◆ **SUPPLIED MATERIAL**:
□ □ □ □

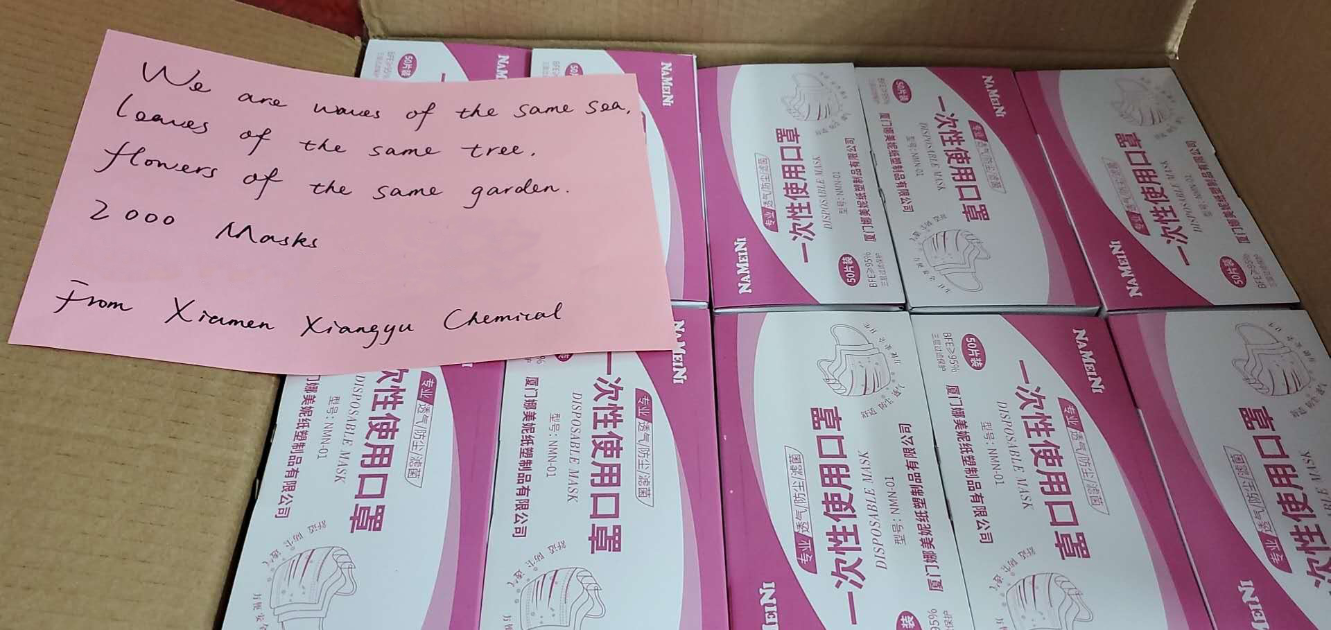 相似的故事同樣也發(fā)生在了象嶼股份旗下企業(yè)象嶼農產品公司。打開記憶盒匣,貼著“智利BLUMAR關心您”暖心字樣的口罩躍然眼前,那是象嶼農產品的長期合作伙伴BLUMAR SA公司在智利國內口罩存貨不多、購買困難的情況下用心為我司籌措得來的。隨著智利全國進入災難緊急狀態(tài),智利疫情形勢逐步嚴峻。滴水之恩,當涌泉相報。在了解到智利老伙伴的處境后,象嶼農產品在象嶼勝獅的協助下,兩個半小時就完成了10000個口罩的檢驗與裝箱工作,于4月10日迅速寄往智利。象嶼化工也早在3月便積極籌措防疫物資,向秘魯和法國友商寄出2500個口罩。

□ □ □ □

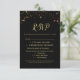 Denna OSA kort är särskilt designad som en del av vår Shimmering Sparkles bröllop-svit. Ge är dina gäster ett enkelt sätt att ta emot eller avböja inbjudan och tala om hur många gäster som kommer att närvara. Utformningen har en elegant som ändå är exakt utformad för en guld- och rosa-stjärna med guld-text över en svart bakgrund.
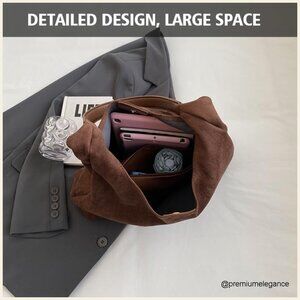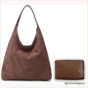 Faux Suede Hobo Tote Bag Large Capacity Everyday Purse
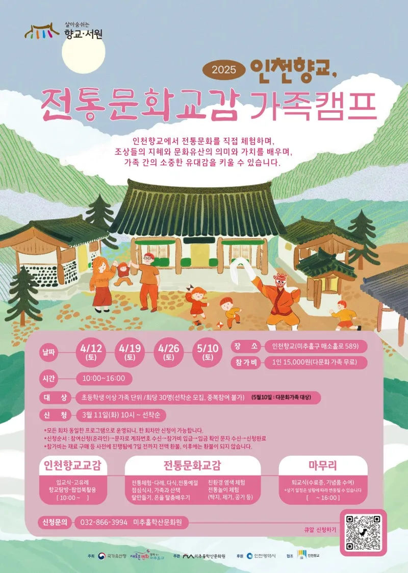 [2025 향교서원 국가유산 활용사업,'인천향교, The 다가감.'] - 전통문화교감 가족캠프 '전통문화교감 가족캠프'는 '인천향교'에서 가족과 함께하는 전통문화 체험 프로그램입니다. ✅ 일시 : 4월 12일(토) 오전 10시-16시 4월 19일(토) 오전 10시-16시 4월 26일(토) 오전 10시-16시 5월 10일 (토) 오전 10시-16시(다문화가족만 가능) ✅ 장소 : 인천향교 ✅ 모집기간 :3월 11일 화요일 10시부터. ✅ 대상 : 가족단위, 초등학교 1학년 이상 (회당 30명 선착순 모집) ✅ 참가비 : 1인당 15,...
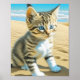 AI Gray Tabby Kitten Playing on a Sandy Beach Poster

□ □ □ □

◆ **ACTIVITY**:
Having found the line with "Denna OSA kort" and the line with "AI Gray Tabby" in the material above, write out exactly those two and every line between, leaving the pictures out.

◆ **WRITTEN SOLUTION**:
 Denna OSA kort är särskilt designad som en del av vår Shimmering Sparkles bröllop-svit. Ge är dina gäster ett enkelt sätt att ta emot eller avböja inbjudan och tala om hur många gäster som kommer att närvara. Utformningen har en elegant som ändå är exakt utformad för en guld- och rosa-stjärna med guld-text över en svart bakgrund.
 Faux Suede Hobo Tote Bag Large Capacity Everyday Purse
 [2025 향교서원 국가유산 활용사업,'인천향교, The 다가감.'] - 전통문화교감 가족캠프 '전통문화교감 가족캠프'는 '인천향교'에서 가족과 함께하는 전통문화 체험 프로그램입니다. ✅ 일시 : 4월 12일(토) 오전 10시-16시 4월 19일(토) 오전 10시-16시 4월 26일(토) 오전 10시-16시 5월 10일 (토) 오전 10시-16시(다문화가족만 가능) ✅ 장소 : 인천향교 ✅ 모집기간 :3월 11일 화요일 10시부터. ✅ 대상 : 가족단위, 초등학교 1학년 이상 (회당 30명 선착순 모집) ✅ 참가비 : 1인당 15,...
 AI Gray Tabby Kitten Playing on a Sandy Beach Poster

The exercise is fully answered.